"Черновик чувств" - читать интересную книгу автора (Белинков Аркадий Викторович)

АНЕКДОТ XI

Марианна и Аркадий весьма хладнокровно выслушивают резкий выговор за свой эгоцентризм и оправдываются, ссылаясь на глубокую любовь к замечательному поэту Илье Сельвинскому. Процесс ассимиляции и диссимиляции в человеческом организме. Прометей, выклевывающий свою печень. Автор понимает всю безнадежность положения своего героя и соглашается с предложе-нием пригласить знаменитого профессора. Знаменитый профессор недовольно покачивает головой и безразлично советует читать "Пьер и Люс". Больной умирает. О дожде, шедшем во время отъезда милой невесты героя.

Наша жизнь была только для нас.

С социалистическим обществом мы не делились.

Даже мои близкие друзья не прощали этого ни мне, ни Марианне. Они, попыхивая, уходили хлопьями, похлебывая горечь нашего отплытия. Но мы были совсем рядом с огромным писателем. Это мой учитель. Наш любимый писатель и учитель.

Кроме того, что Сельвинский писал удивительные стихи, он еще и не писал удивительной прозы. Эту прозу он говорил. Как говорил Сельвинский? Как ходил - великолепно упруго и стремительно и весь обваливался на ноги. Это был старый и чрезвычайной важности разговор о том, как тошно обеднячиваться, и о том, что литература не парад с его дотошным равнением. Сельвинский непременно лидер. Непременно глава. Непременно вождь. Он крупен и кругл. Каждая часть его тела похожа на другую. Ноготь его большого пальца похож на сильное мускули-стое крыло ноздри, а вместе - они похожи на веко. Он говорит громко и нежно. По его фигуре и голосу легче всего догадаться о том, как сделаны эпиграммы, стихи о зверях и посвящение в "Пушторге".

Он сам стоял во главе большой школы.

Поэтому у него не было почтительности. У него не было восхищения. Он лучше других знал, как сделаны "Про это" и "Разрыв". Потому что никто не знал так хорошо, как он, как сделаны "Уляляевщина" и "Записки поэта". Он был единственным серьезным конкурентом своим гениальным современникам Маяковскому и Пастернаку.

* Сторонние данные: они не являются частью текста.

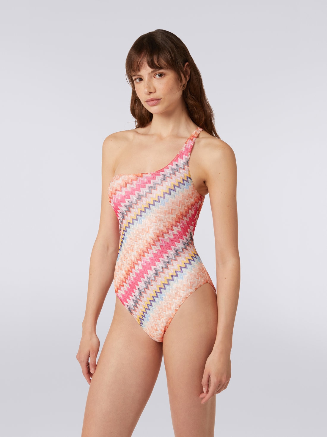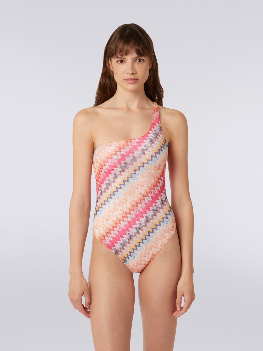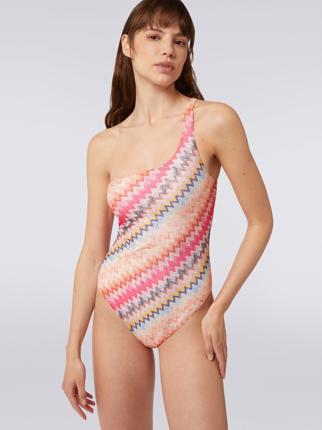 Einteiliger One-Shoulder-Badeanzug aus Viskose mit Chevronmuster

Наверное, он не любил их, владимвладимыча и борислеонидыча. И кто знает, - может быть, ему очень больно было читать эти строки:

Мчались звезды. В море мылись мысы.

Слепла соль. И слезы просыхали.

Маяковскому было легче простить. Там прямо так и сказано:

"Илья Сельвинский: Тара - тина - тара - тина т-эн... "

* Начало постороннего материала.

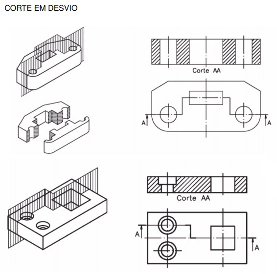 Usado quando um corte não é suficiente para mostrar todos os elementos internos da peça.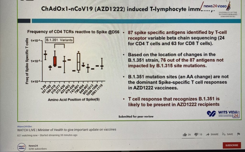 This is the image in a larger version. The last bullet point is the crucial point. It says the T-cell response that recognises the South African variant is likely to be present in individuals who have had the AstraZeneca vaccine.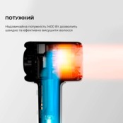 Фен оборудован современным и скоростным двигателем, который развивает скорость воздуха до 70 метров в секунду. Такая мощность позволит вам быстро высушить волосы любый длины и густоты. Также такой напор воздуха пригодится для совершения укладки волос перед встречей, свиданием или походом в ресторан.

Часто он резко говорил о них обоих. Но это говорил очень большой писатель о других очень больших писателях. И незабываемое ощущение того, что в разговорах с Сельвинским эти писа-тели становились резкими и живыми соперниками в споре, тут же за столом, рядом, со своими книгами, интонациями и спорами.

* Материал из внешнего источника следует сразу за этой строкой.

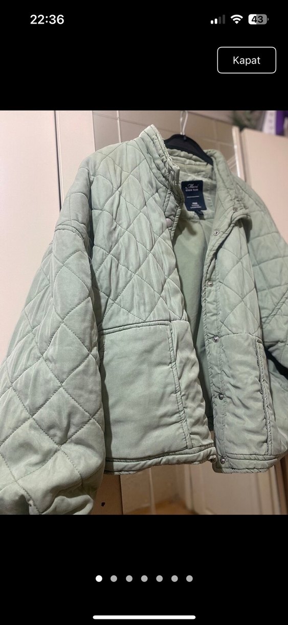 Düğmeli, su yeşili renkte, uzun kollu kadın ceket. Notch yaka ve gevşek kesim ile rahat, midi boyda, günlük kullanıma uygun sıcak tutan kumaştan. Orjinal mavi markadır 2-3 kez kullanıldı sıfır ayarında s m beden için ÜRÜNÜN EN SON ETİKET FİYATI 2.700 dü ona göre değerlendirin lütfen
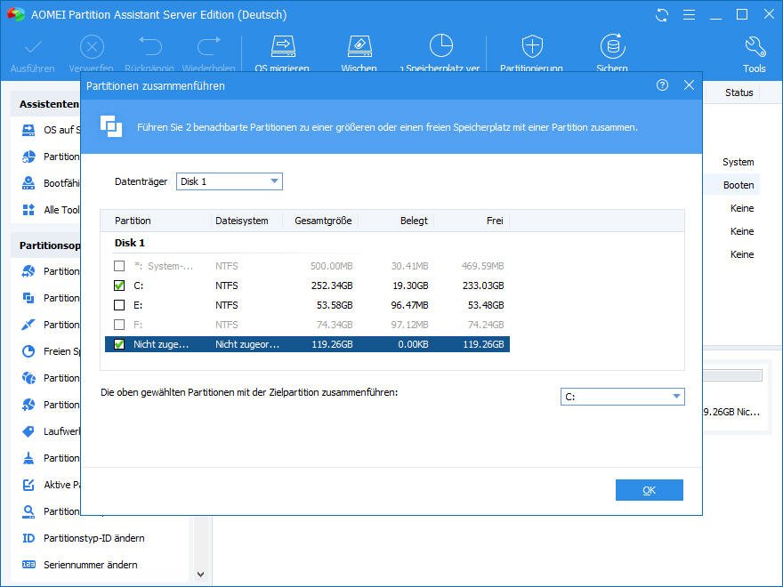 ✔ AOMEI Partition Assistant kann nicht zugeordneten Speicherplatz mit Laufwerk C: zusammenführen, egal ob der nicht zugeordnete Speicherplatz direkt hinter der primären Partition liegt oder nicht.

А мы с Марианной жили тропами. Поэтому наше согласие было рифмами, а споры лишь перебоями ритма. Это была радостная жизнь заряжающихся аккумуляторов. .

Мы много впитывали в себя и почти ничего не тратили. Это нарушало правильный обмен веществ. Мы отлично видели все вокруг, но брать предпочитали только из собственной печени. Брали мы, как голуби. И ни для кого не добывали огня.

Об отличности наших темпераментов мы уже хорошо знали, но полагали, что эта отличность именно и есть разность потенциалов. Кроме нас знала это Евгения Иоаникиевна. Откуда и как она это узнала, мне неизвестно. Я не думаю, чтобы она сама об этом догадалась. Наверное это сказала сама Марианна.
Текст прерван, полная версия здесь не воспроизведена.